Bone defect regeneration and repair (such as trauma [1], tumor removal [2], infection [3] and periprosthetic osteolysis [4]) have always been a challenging yet important issue in the field of orthopedics. The aging of bone marrow mesenchymal stem cells, the decrease in bone mineralization ability, and excessive osteoclast activity cause severe loss of bone mass, especially in patients with osteoporosis [5,6]. This results in an imbalance in bone homeostasis, so the regeneration and repair of bone defects become even more important [7]. At present, preferred criteria for clinical treatment of bone defects caused by the above factors is autologous bone transplantation; however, the source and size of autologous bone are limited, making it difficult to meet clinical needs [3,8]. Autologous bone transplantation is scarce, especially for patients with osteoporotic bone defects.
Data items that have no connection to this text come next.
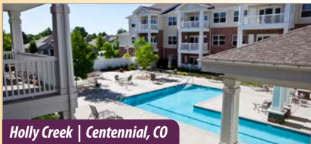
Holly Creek | Centennial, CO
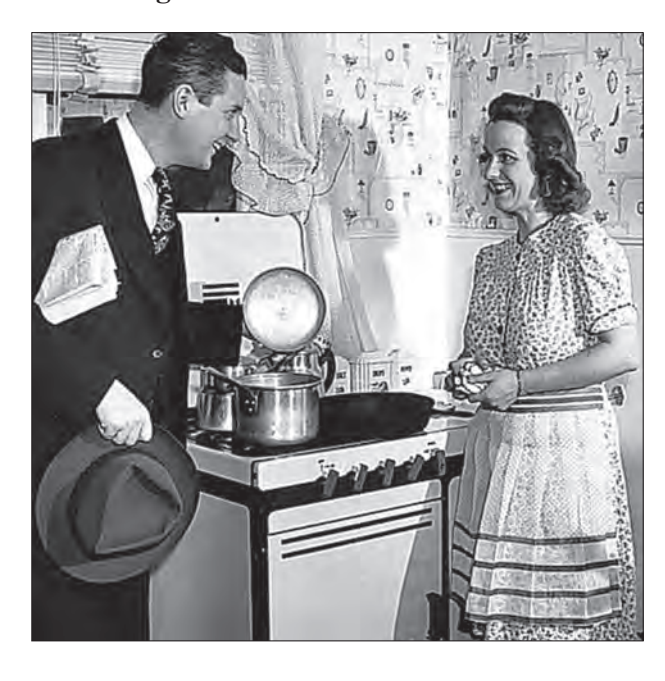
Source \ B-A \ photograph \ from \ the \ Daily \ Mail \ newspaper \ in \ the \ 1950s \\ showing \ a \ husband \ and \ wife \ in \ the \ kitchen.

Study Source B and then answer the question that follows.
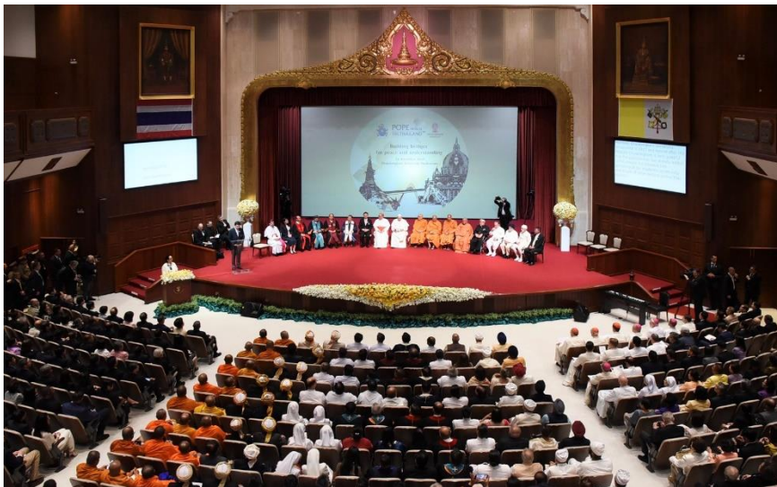
Photo: Pope Francis meets with priests and representatives of different religions at Chulalongkorn University Auditorium

Thailand would not be where it is today if the monarchy did not serve as a pillar of strength and a guiding light, leading by example and wielding incomparable moral authority. The generosity, thoughtfulness and embracing of diversity extended from the sovereign have shaped the nation and countless lives. Following their monarchs, Thais have adopted a mentality of openness and mindfulness of the differences among faiths and religions, and most importantly, a profound respect for those differences. The actions of the monarchy have indeed forged connections, furthered interreligious understanding and demonstrated that, regardless of what faith we hold, we are bound together by goodwill and shared values of kindness and respect.

At present, various artificial bone materials created from tissue engineering have problems such as insufficient mechanical strength, easy to cause acute inflammatory response [9,10], promote osteoclast differentiation [11], form fibrous encapsulations, and promote bone resorption, significantly reducing the performance of the implanted material.
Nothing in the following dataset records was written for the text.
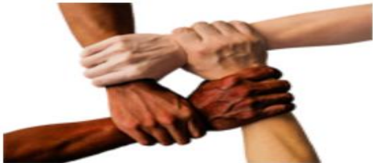
General Support and Guidance
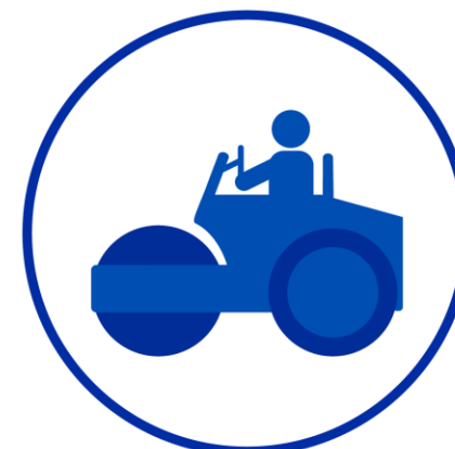
Office of Engineering and Project Management
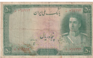
756 Iran 50 Reals 1944 P-42 VG
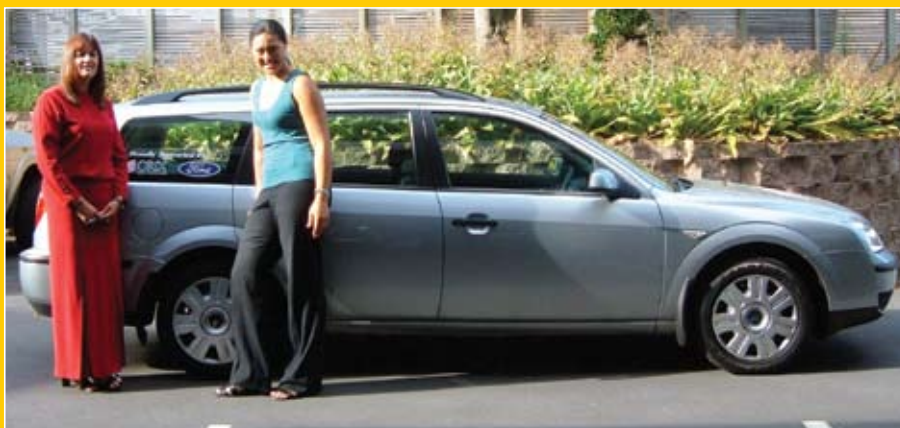
Orix has once again played a vital part in getting the Duffy Theatre on the road in 2008!

not be possible without the support of Orix New Zealand and Esanda Fleet Partners. Thanks for enabling us to get the show on the road!
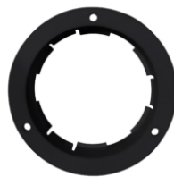
Part Number 5869401 4" Round Plastic Mounting Flange for Model 234

Most of the current research focuses on changing the morphology and structure of bio-scaffolds, or applying modification techniques such as surface modification chemical bonds to achieve the ability to promote bone regeneration [[12], [13], [14]]. Especially in recent years, a lot of studies have focused on building various material delivery tools to load pro-osteogenic or osteoclast-inhibiting drugs, and targeted therapy through local application or intravenous injection [15,16]. But for patients with osteoporosis, due to the imbalance of osteogenic mineralization and osteoclast bone resorption, and the synergistic imbalance of osteogenesis is purely through the transient release of pro-osteogenic or osteoclast-inhibiting drugs, without starting from the source of its pathophysiology, ignoring the management of the local immune microenvironment, and failing to fully consider the two aspects of osteogenesis and osteoclasts. Therefore, it is difficult to achieve the purpose of clinical treatment.
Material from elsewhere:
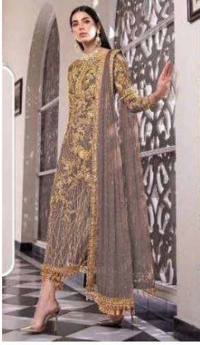
Serene by MEGHA EXPORT S - 64 F
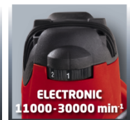
ELECTRONIC 11.000-30.000 min -1

Layered double hydroxides (LDHs) have been reported as drug delivery system and antibacterial platforms, owing to their good biocompatibility and positive charge [[17], [18], [19]]. The LDH material is rich in Mg²⁺ ions, which are indispensable in the regulation of bone homeostasis. Magnesium ions promote bone regeneration by activating osteoblast differentiation and adhesion. In addition, Mg²⁺ plays a critical role in inhibiting the RANKL-mediated differentiation of macrophages into osteoclasts [20,21]. Studies have shown that Mg²⁺ also inhibits the differentiation and maturation of osteoclast cells by inhibiting three common osteoclast pathways: NF-κB, ERK, and AKT [[22], [23], [24]]. Therefore, Mg metal implants and their derivatives have been used clinically. However, magnesium metal implants also have many shortcomings, such as the mismatch between the material degradation and the bone formation, the generation of a large amount of hydrogen, and the formation of a magnesium oxide coating on the implant surface [[25], [26], [27]].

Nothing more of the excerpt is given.